**WORK REQUEST:** Retype only the lines from the top of the records to the line with "- Enter Awn", including that line but none of the pictures.

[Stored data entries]

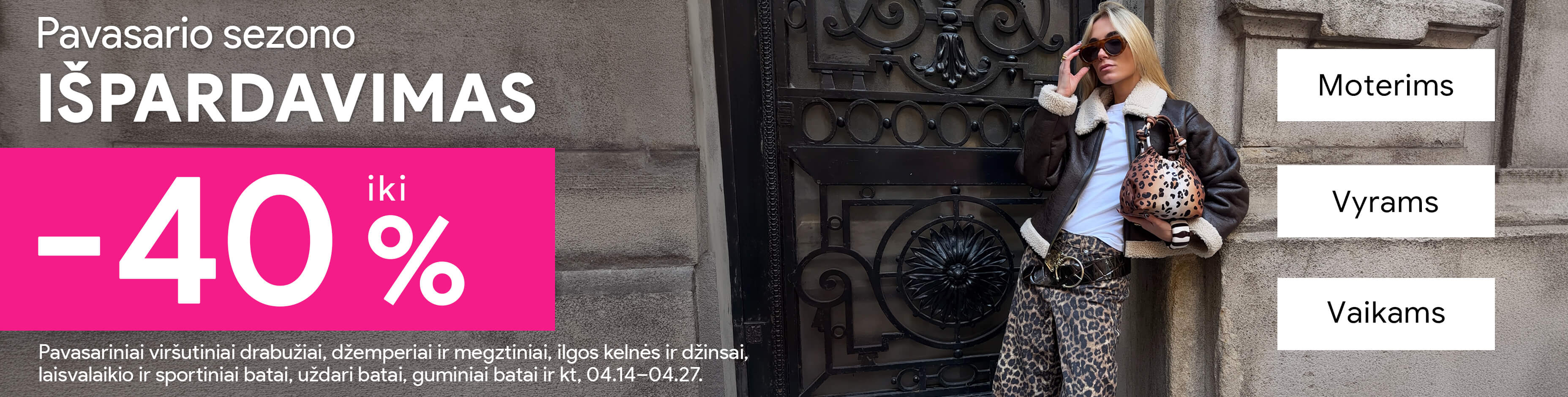 IŠPARDAVIMAS! Rudens striukės, džinsai, aulinukai, kasdieniai ir sportiniai batai, džemperiai su gobtuvais, megztiniai ir dar daugiau iki -70%! Ieškokite Moterims | Vyrams | Vaikams.
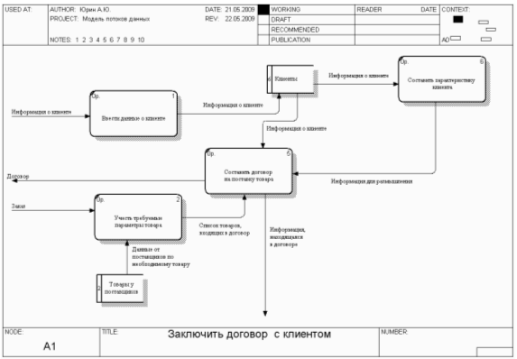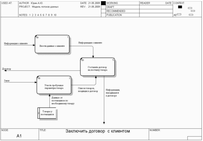 Составить договор. Имеет функцию - Составление проекта договора на поставку с алгоритмом: 1) получить данные клиента; 2) получить рекомендуемые условия оплаты; 3) получить форму договора; 4) составить договор на поставку; 5) внести данные договора в БД «Договоры».
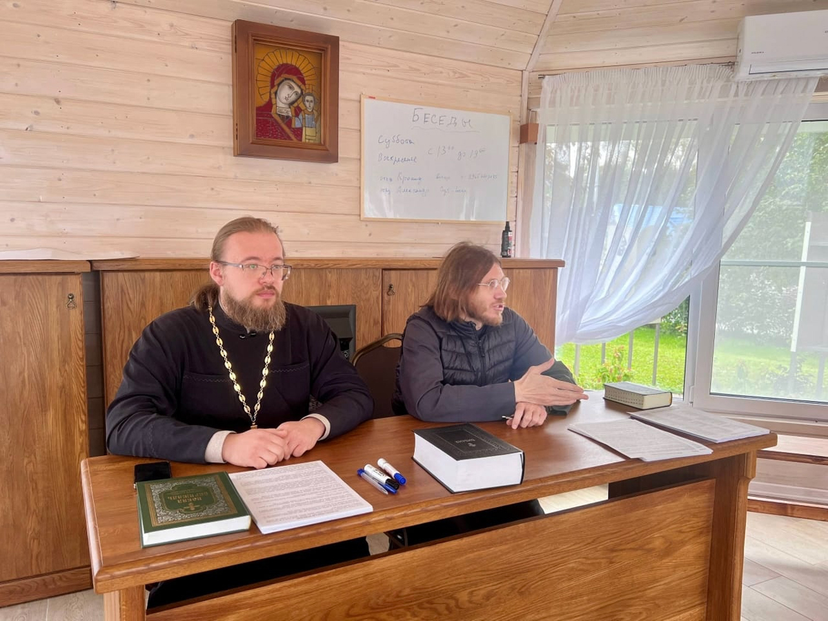 А затем, в уютной Миссионерской беседке, состоялась поистине душевная встреча! Отец Кронид, миссионер монастыря, и отец Александр Ермолин, руководитель Миссионерского отдела Казанской епархии, провели теплую беседу.
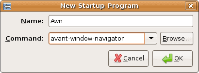 - Enter Awn as the name and avant-window-navigator in the Command field.
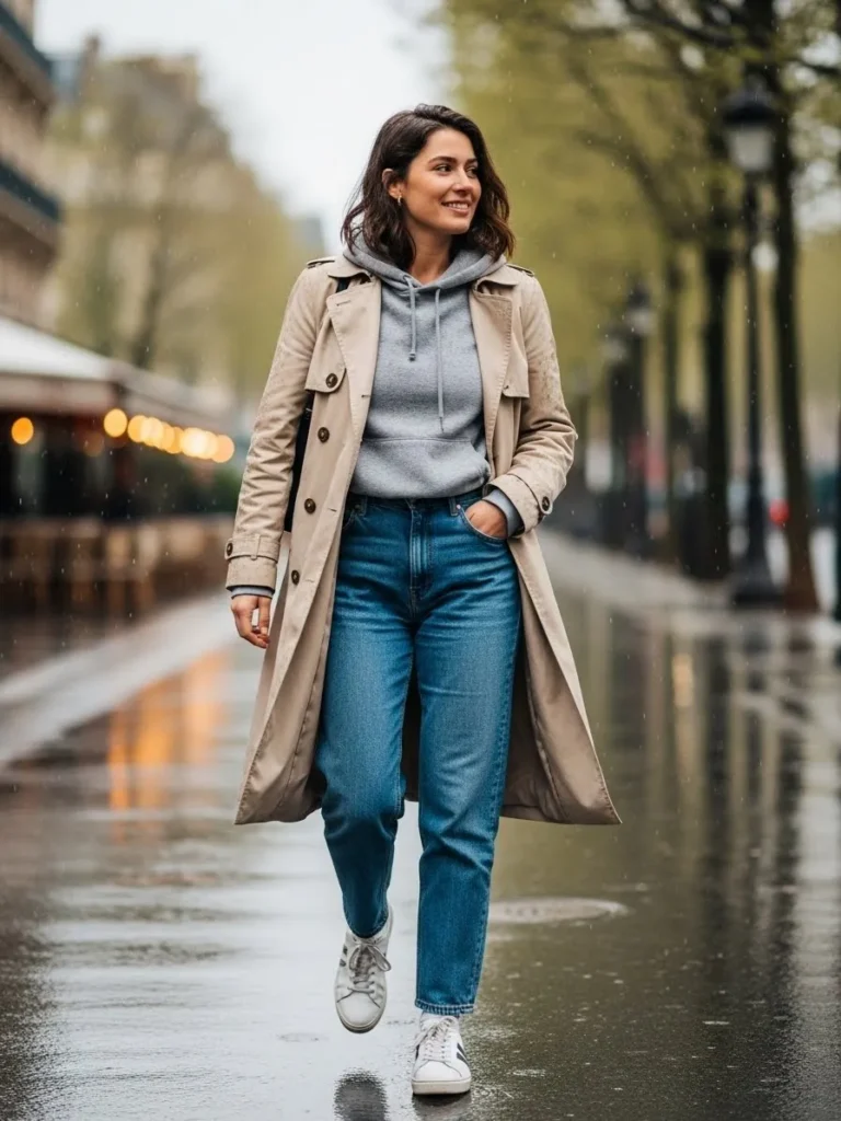 This outfit pairs a light beige trench coat with a soft gray hoodie, classic blue jeans, and clean white sneakers.
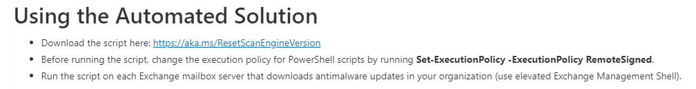 在您的组织中每个下载反恶意软件更新的Exchange邮箱服务器上运行该脚本(使用提升的Exchange管理壳)
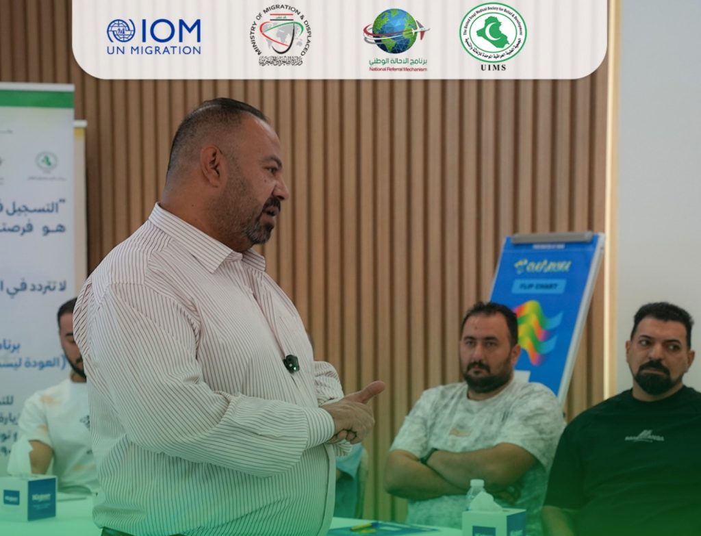 The United Iraqi Medical Society for Relief and Development, in coordination with the Ministry of Migration and Displacement and with support from the International Organization for Migration (IOM), continues to implement the Returnee Support Program, particularly for those returning from European Union countries, within the framework of the National Referral Mechanism.

**RESPONSE TO THE EXERCISE:**
 IŠPARDAVIMAS! Rudens striukės, džinsai, aulinukai, kasdieniai ir sportiniai batai, džemperiai su gobtuvais, megztiniai ir dar daugiau iki -70%! Ieškokite Moterims | Vyrams | Vaikams.
 Составить договор. Имеет функцию - Составление проекта договора на поставку с алгоритмом: 1) получить данные клиента; 2) получить рекомендуемые условия оплаты; 3) получить форму договора; 4) составить договор на поставку; 5) внести данные договора в БД «Договоры».
 А затем, в уютной Миссионерской беседке, состоялась поистине душевная встреча! Отец Кронид, миссионер монастыря, и отец Александр Ермолин, руководитель Миссионерского отдела Казанской епархии, провели теплую беседу.
 - Enter Awn as the name and avant-window-navigator in the Command field.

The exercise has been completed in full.